Based on the data presented in the plot, it is clear that the Composite Happiness Score of Top 100 Songs in 2017 does not have any pattern or correlation with the 2017 Monthly Consumer Sentiment Index.

monthlyspottymean = spottymonth %>% group_by(month) %>% summarize(chs=mean(chs, na.rm=TRUE))

cor.test(monthlyspottymean$chs,fredmonthly$UMCSENT)
## 
##  Pearson's product-moment correlation
## 
## data:  monthlyspottymean$chs and fredmonthly$UMCSENT
## t = 0.93528, df = 10, p-value = 0.3717
## alternative hypothesis: true correlation is not equal to 0
## 95 percent confidence interval:
##  -0.34672  0.73748
## sample estimates:
##       cor 
## 0.2836165
  • The correlate coefficient, r, = 0.28. This means based on data, however, there is a weak, positive correlation.
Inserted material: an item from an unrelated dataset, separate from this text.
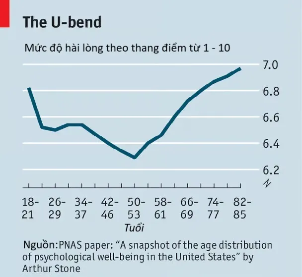 Tuổi trung niên thường là giai đoạn khó khăn nhất trong cuộc đời. Nhà kinh tế học David Blanchflower và Andrew Oswald đã phát hiện ra vào năm 2008 rằng sự hài lòng trong cuộc sống có dạng hình chữ U cong nhẹ, bắt đầu ở mức cao khi còn trẻ, chạm đáy ở độ tuổi giữa 40, rồi phục hồi khi chúng ta già đi. Mô hình này rất mạnh mẽ trên toàn thế giới, ảnh hưởng đến cả nam và nữ. Và nó vẫn tồn tại khi chúng ta điều chỉnh các biến số khác, chẳng hạn như việc làm cha mẹ.
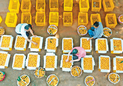 近年来,四川省仁寿县发展枇杷等农业特色产业,确保技术服务到位、销售渠道通畅,不断提升产业规模和品质,带动当地农户持续增收致富。图为在仁寿县文宫镇石家社区,果农正在分拣枇杷。

This means that when the consumer sentiment rises, CHS tends to rise slightly, but there is a weakness. The p-value of 0.3717 indicates that these results are not statistically significant.

6. Future Improvements

Some improvements to make on this analysis is to extend the data from 2016-2018 to have more data and if that makes any indication of a relationship. - Some internal criticism: The chosen Spotify data did not have the release date year/date variables needed. Finding other datasets, (even larger ones) would prove to be more useful/efficient. - Overall: Extending the time frame, improving data quality, and exploring additional features(working more with tempo, etc) would strengthen this analysis and have the potential to show a stronger correlation.

Although there is no statistically significant correlation between these two variables, it is present that there could exist a weak relationship between CHS x CSI in 2017. While there is no proof of strong correlation, this could open up pathways for more data analysis in the future.